Tables 8 and 9 show the ISE values for the dry biomass temperature change test in plants with capacities A and B. Overall, the controllers in both plants perform well, where they can handle disturbance up to +100% and −100% from their initial value. The ISE values in both plants are also relatively smaller than those of the dry biomass molar flow rate change test, showing that the dry biomass temperature does not affect the system as much as the dry biomass molar flow rate.

4. Conclusion

This work proposed a plant-wide control structure design of a biohydrogen plant from biomass using a combination of MPC and PI controllers. MPC is used in the gasifier, SMR, and cooler before the WGS reactor, while the PI controller is used in the char combustor and flue gas cooler. Results show that with the same controller type and tuning parameters for both plants with capacities A and B, the controllers performed relatively well in handling set point and disturbance changes.
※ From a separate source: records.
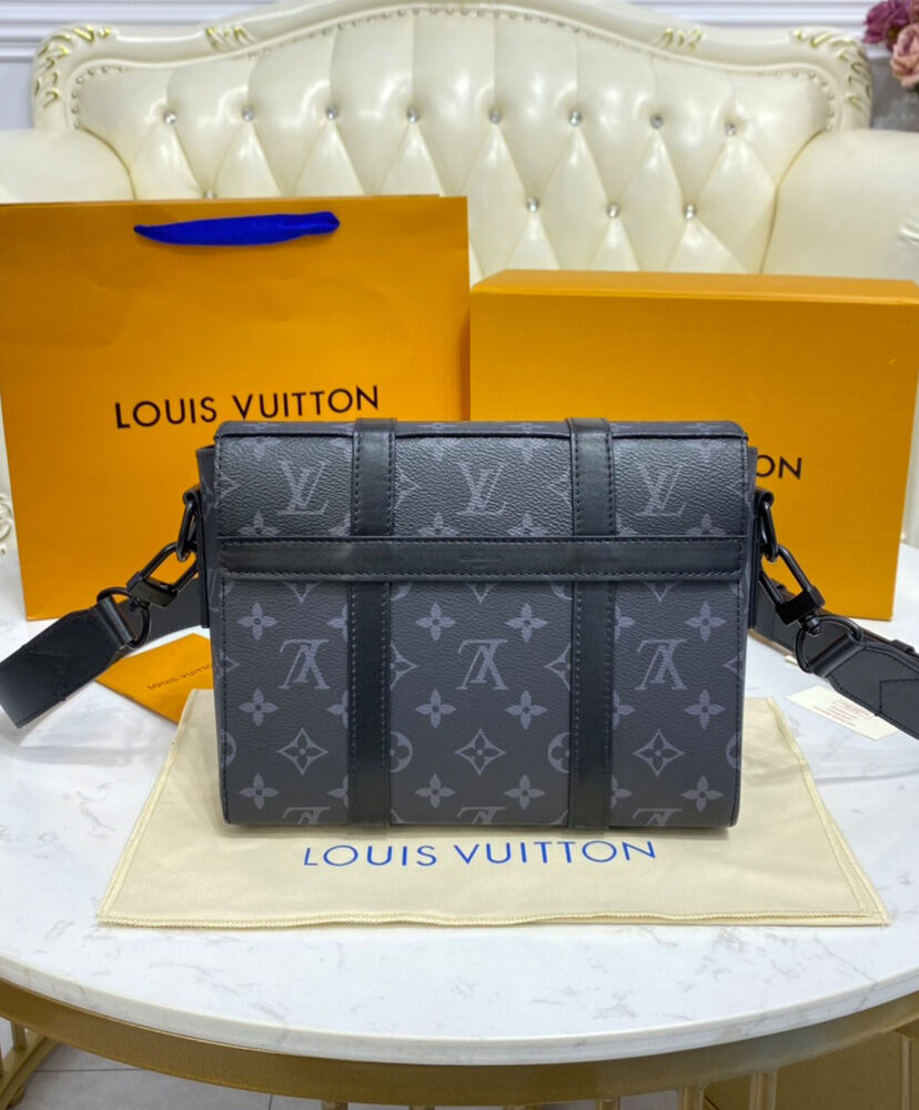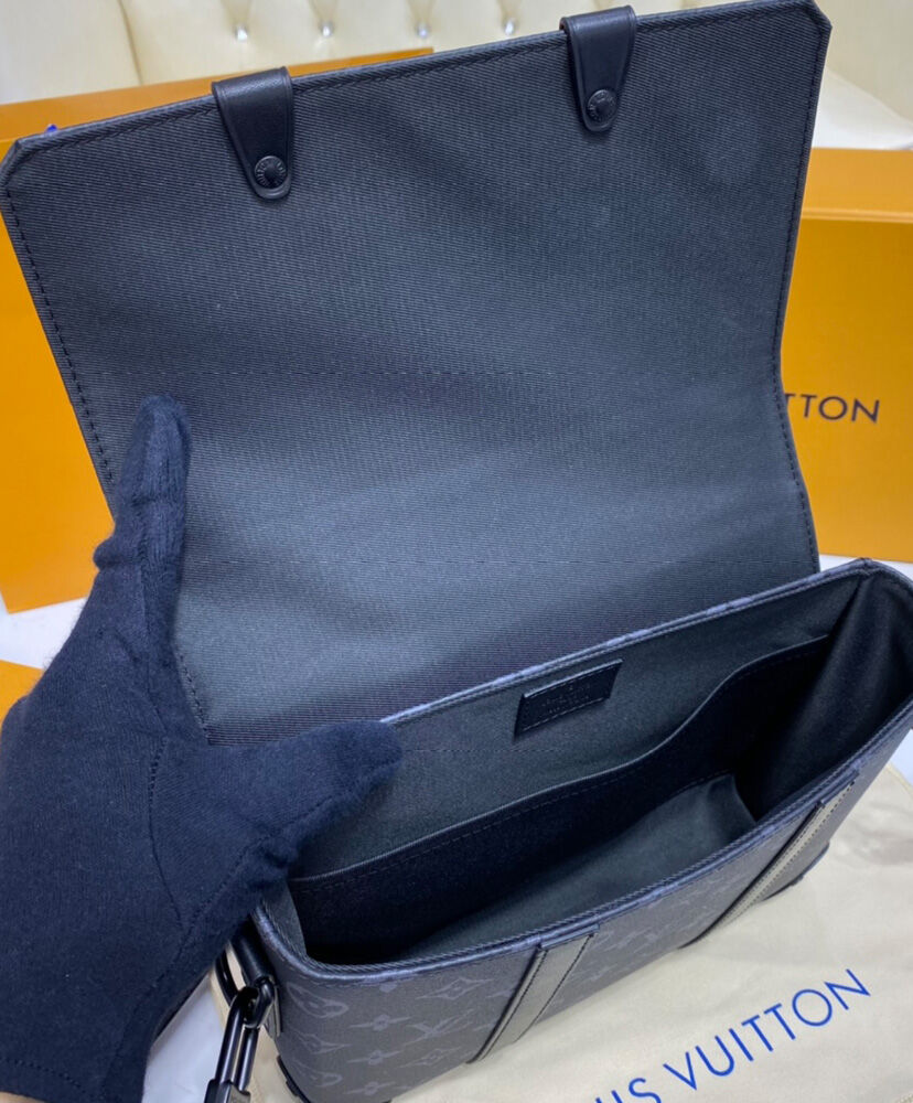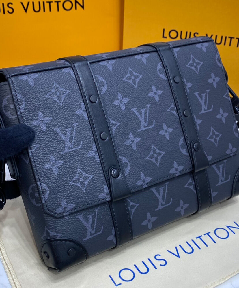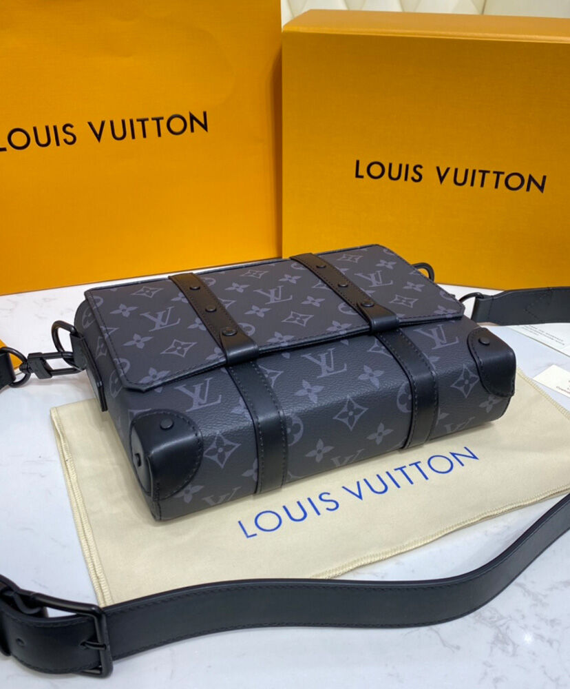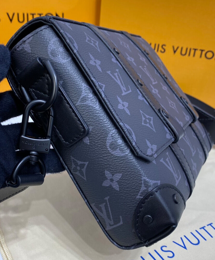 The Trunk Messenger is a small rectangular bag made from Monogram Eclipse canvas and finished with matte-black rivets and reinforced black-leather corners inspired by those on Louis Vuitton’s iconic trunks. It features an adjustable and removeable strap and numerous pockets, inside and out, to keep things organized and accessible.
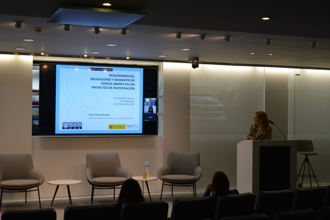 Kaferako tartean ostean, Laura Bonorak (FECYTeko Zientzia eta Berrikuntza Politiken analista) aritu zen ikerkuntza-proiektuetan Zientzia Irekiak duen lekuaz. Azaldu zuen Zientzia Irekia oztopoak (diru publikoa gastatzea, informazio-galera, azpiegitura gabezia eta hornitzaileekiko depenentzia) kentzea dela, datuen ustiaketa kaltetu gabe eta kalitatea kaltetu gabe. Zientzia Irekia proiektuetan bermatzeko, artikuluak eta berari lotutako datuak depositatzea beharrezkoa dela nabarmendu zuen, estatu- eta Europa-mailan ezberdintasunak badaude ere. Ondorioz, ikerkuntza-proiektuetan kudeaketa hori nola egingo den idatzi behar dela azpimarratu zuen eta hori egiteko hainbat gomendio eman zituen. Gainera, behin proiektuak onartuta, datuen kudeaketan egin beharreko pausuak eta eskuragarri dauden lanabesak azaldu zituen.
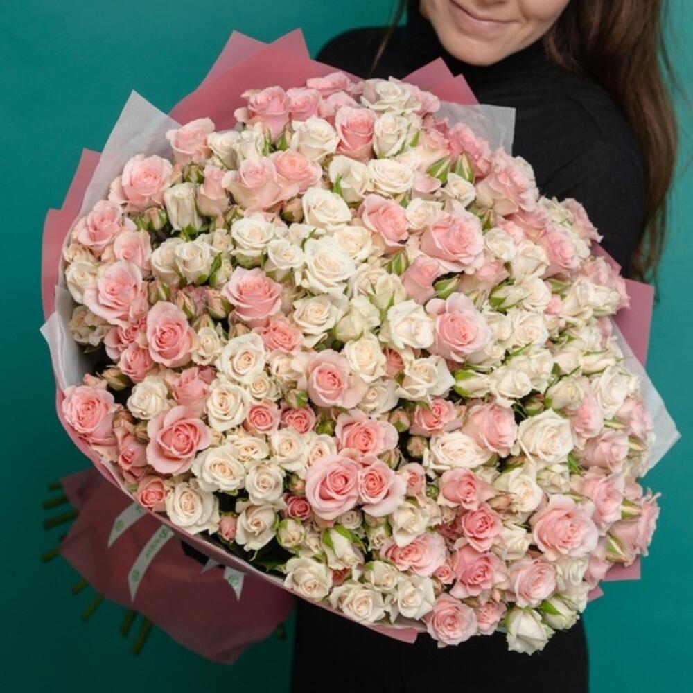 Букет из кустовой розы микс 101 штука 50 см Голландия с дизайнерской упаковкой
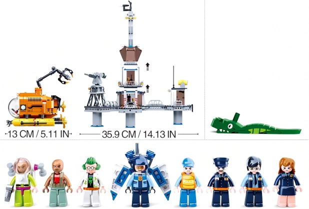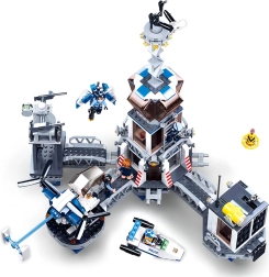 Le jeu de construction Prison pour super-vilains est idéal pour une armée de petits passionnés qui souhaitent créer leur propre monde plein d'expériences et d'action. La construction comprend une base solide avec des structures variées, y compris des tours et des véhicules, permettant des jeux imaginatifs.

In terms of the disturbance, the dry biomass molar flow rate affects the plant’s controllability more significantly compared to the dry biomass temperature. However, with higher ISE values of the plant with capacity B, it is advisable to reidentify the system and retune the controllers if the plant capacity changes to optimize their performance. Further work can be done to improve steady-state simulations by adding more detailed unit operations and improving controller performance by applying multivariable model predictive control (MMPC) to account for interactions between variables in the plant or using a hybrid approach that combines the strengths of MPC and PI controllers as has been researched by the author himself [24, 25].

Data Availability

The data used to support the findings of this study are available from the authors on the following link: https://bit.ly/3uzlZGd.

Conflicts of Interest

The authors declare that they have no conflicts of interest.

Acknowledgments

We express our gratitude to the Universitas Indonesia which has funded this research through the scheme of Hibah Publikasi Terindeks Internasional (PUTI) Q2 No. NKB-676/UN2.RST/HKP.05.00/2022.